After lunch, just before wheeling him to another class, a nurse came in with a staple remover (I asked her if she’d bought it at Office Depot ;-)) and took out every other one of Gary’s staples on the side of him she could get to, telling us she’d do the same thing on the other side after they turned him after the class. If the skin in that area looks good tomorrow, they will remove all the remaining staples.
His hour-long class was “Wellness and Leisure Ed. 1" In the first half the lecturer asked the audience what they thought wellness was, and she touched on the different areas it encompassed – mental, physical, emotional, social, vocational, spiritual. She mentioned the basic stuff to do to enhance them – eat right, exercise, keep a positive attitude, etc. She spent a lot of time saying very little, IMHO.

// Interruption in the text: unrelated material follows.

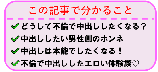 今回は、不倫男女の中出ししたい・中出ししてもらいたいという心理を
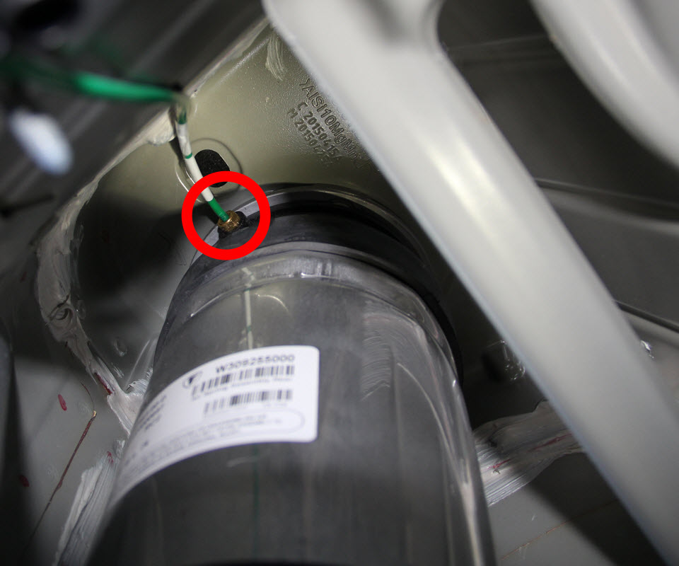 - Release the clips that secure the air spring module lines (green and brown) to the rear RH wheel arch.

In the second half she talked about leisure, again supposedly trying to involve the audience by asking them what they thought leisure was (I thought this kind of thing a little patronizing). The depressing stuff came next. She made a pie chart of work, leisure, and maintenance (eating, sleeping, dressing, etc.). She talked about how when most people go home after a spinal cord injury their pie becomes half maintenance, half leisure – no work. Maintenance takes longer than it did before for reasons like it takes a half hour to get dressed, bathing takes longer, etc. Leisure takes up more time because many people can’t go back to work, at least right at first, and some not at all. Many people will no longer be able to do their former occupations (for example, if they are laborers) or at least not handle the duties they had before. Gary is so grateful that this kind of thing does not apply to him.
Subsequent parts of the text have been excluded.